Outcasts MC (Complete Series), page 20
“Now, I work on getting him out of there,” Dax said. “The sheriff has to know he can’t hold Otis there forever, not when they planted the drugs in the clubhouse. But we need to get him out of there before the sheriff can convince him to say anything.” He paused. “Maybe you should come with me on this one.”
I blinked in surprise. Sure, Otis was our father. But this was also club business that Dax was asking me to be part of. Otis probably wouldn’t have wanted me to have any part in this, so it was kind of flattering that Dax asked me to come along with him.
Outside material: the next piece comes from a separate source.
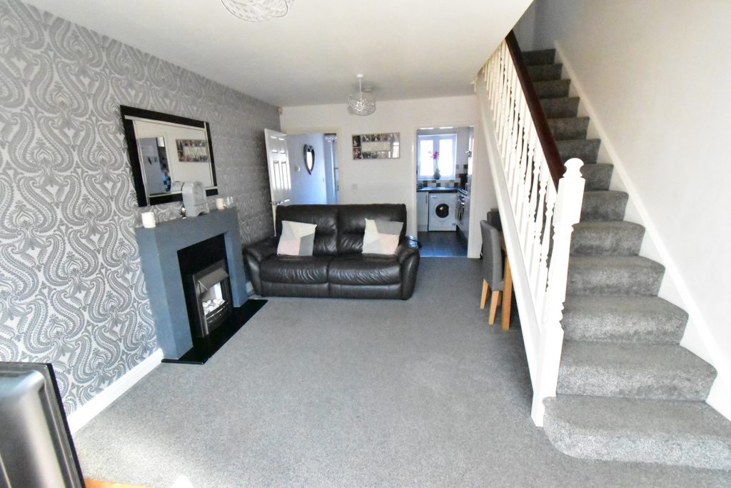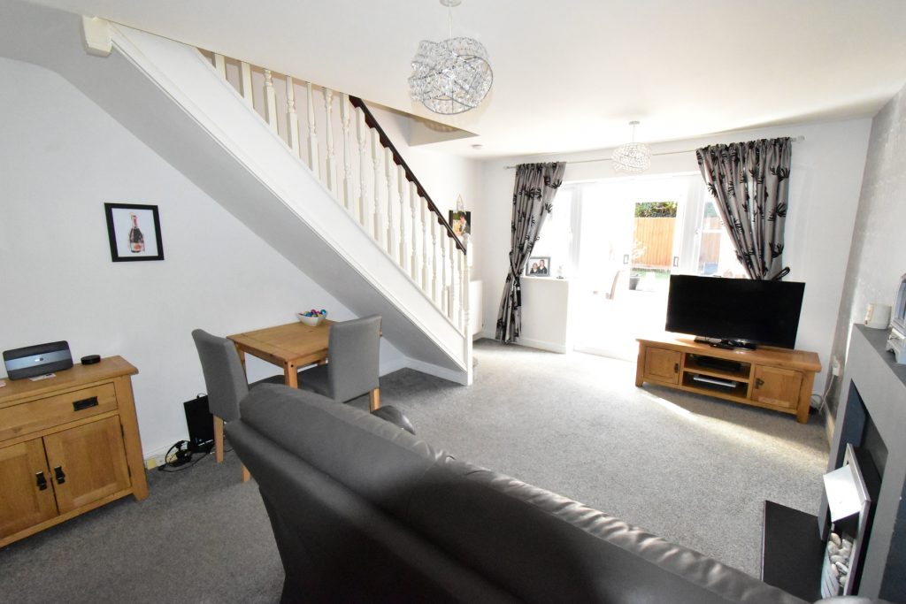 With patio doors to the conservatory, stairs to the first floor landing, feature fireplace, access to the kitchen, radiator, power and ceiling light points.

Still, I looked down at my watch and grimaced. The afternoon was rapidly sliding into evening, the diner filling up with more and more dinner customers, and I needed to get back to the coffee shop. It would have been one thing if I couldn’t make one of the afternoon mini-dates that Brea and I had been having. But it was another thing to blow her off when she had asked me to swing by after the shop was closed. I could picture her sitting there waiting for me to show up, realizing as it grew later and later that I wasn’t going to show. And then flicking off the lights, grabbing her things, and heading home alone.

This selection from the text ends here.